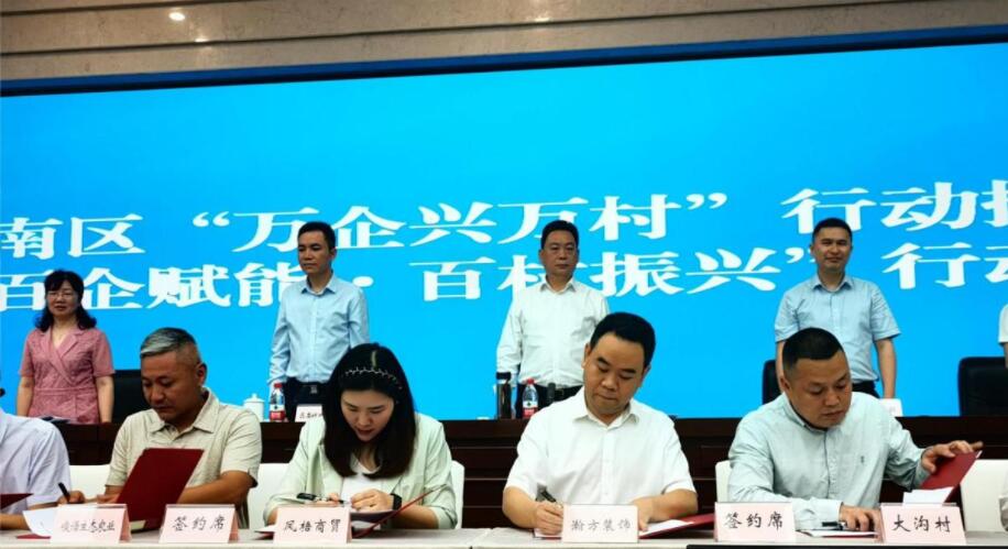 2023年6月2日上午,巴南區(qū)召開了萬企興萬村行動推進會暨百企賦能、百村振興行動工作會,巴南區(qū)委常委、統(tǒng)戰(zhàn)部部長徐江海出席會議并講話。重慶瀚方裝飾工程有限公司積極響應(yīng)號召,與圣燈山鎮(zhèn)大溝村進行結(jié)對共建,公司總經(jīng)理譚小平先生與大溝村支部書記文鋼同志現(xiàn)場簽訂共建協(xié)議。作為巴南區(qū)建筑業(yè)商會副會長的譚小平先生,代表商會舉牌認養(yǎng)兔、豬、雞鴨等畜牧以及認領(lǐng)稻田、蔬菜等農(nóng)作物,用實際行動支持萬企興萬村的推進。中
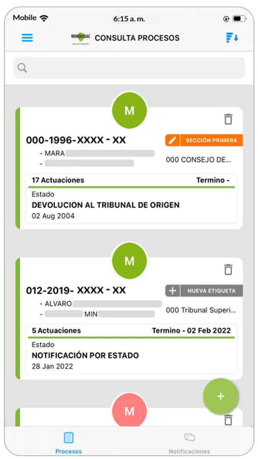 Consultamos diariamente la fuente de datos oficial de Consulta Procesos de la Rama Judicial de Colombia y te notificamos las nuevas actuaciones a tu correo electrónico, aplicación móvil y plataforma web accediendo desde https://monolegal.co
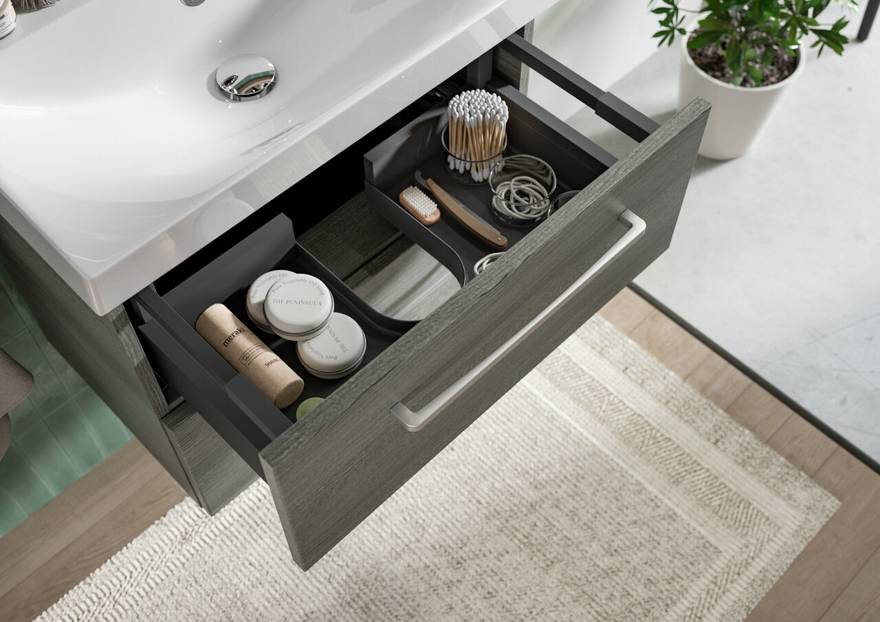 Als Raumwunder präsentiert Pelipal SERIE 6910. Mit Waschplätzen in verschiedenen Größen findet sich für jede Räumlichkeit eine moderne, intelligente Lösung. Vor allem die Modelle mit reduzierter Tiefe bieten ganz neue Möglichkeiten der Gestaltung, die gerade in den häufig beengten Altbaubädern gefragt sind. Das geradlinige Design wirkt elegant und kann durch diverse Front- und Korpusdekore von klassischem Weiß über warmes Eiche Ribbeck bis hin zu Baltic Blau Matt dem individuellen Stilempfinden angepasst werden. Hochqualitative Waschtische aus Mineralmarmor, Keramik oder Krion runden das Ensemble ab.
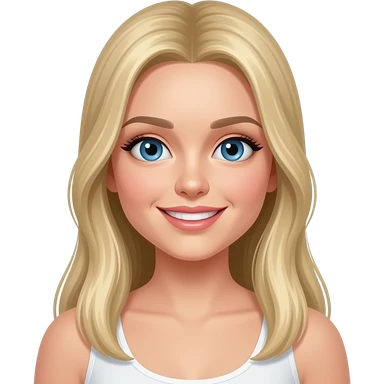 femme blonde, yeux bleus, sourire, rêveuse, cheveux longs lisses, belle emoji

---

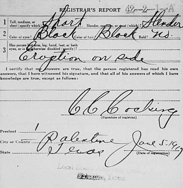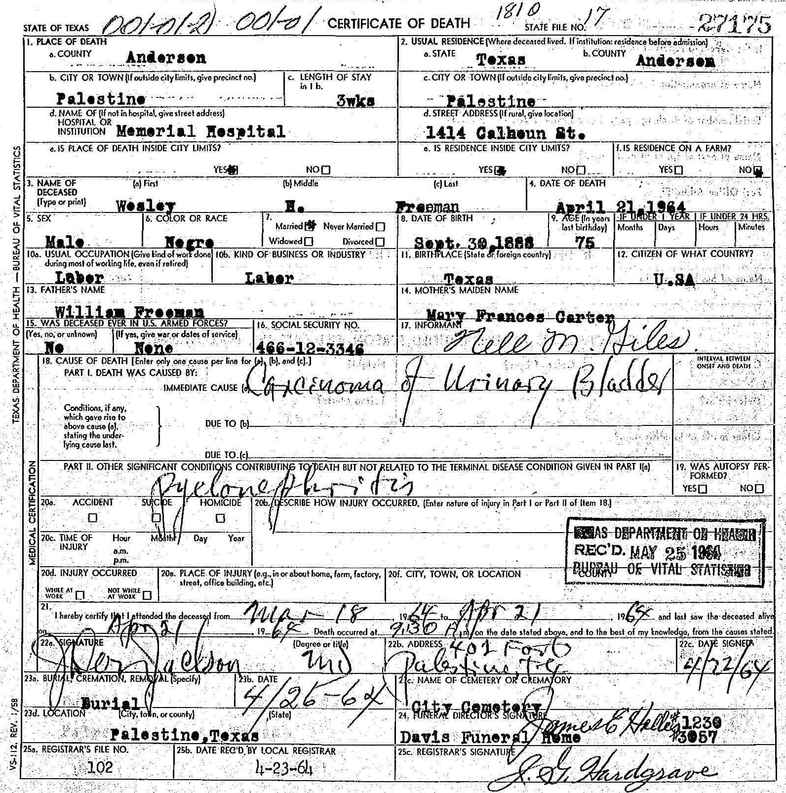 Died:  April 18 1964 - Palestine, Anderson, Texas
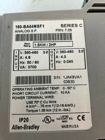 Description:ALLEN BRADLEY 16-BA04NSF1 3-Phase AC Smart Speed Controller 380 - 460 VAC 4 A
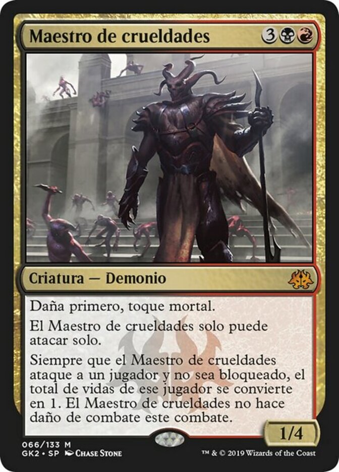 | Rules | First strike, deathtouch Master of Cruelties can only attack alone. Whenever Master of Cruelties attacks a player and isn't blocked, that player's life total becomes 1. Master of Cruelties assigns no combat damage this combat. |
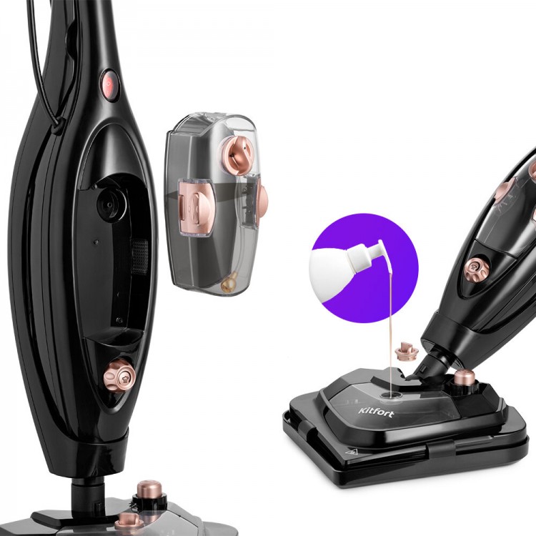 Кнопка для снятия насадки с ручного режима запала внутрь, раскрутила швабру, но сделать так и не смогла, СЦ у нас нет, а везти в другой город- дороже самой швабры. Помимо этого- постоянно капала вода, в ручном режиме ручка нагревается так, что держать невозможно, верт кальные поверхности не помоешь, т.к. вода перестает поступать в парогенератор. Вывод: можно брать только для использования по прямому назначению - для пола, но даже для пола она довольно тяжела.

**TASK REQUIREMENTS**
What you write must match the listing exactly, from the line with "Description:ALLEN BRADLEY 16-BA04NSF1" up to and including the line with "Кнопка для снятия". Pictures stay out.

**ANSWER FOR THIS EXERCISE**
 Description:ALLEN BRADLEY 16-BA04NSF1 3-Phase AC Smart Speed Controller 380 - 460 VAC 4 A
 | Rules | First strike, deathtouch Master of Cruelties can only attack alone. Whenever Master of Cruelties attacks a player and isn't blocked, that player's life total becomes 1. Master of Cruelties assigns no combat damage this combat. |
 Кнопка для снятия насадки с ручного режима запала внутрь, раскрутила швабру, но сделать так и не смогла, СЦ у нас нет, а везти в другой город- дороже самой швабры. Помимо этого- постоянно капала вода, в ручном режиме ручка нагревается так, что держать невозможно, верт кальные поверхности не помоешь, т.к. вода перестает поступать в парогенератор. Вывод: можно брать только для использования по прямому назначению - для пола, но даже для пола она довольно тяжела.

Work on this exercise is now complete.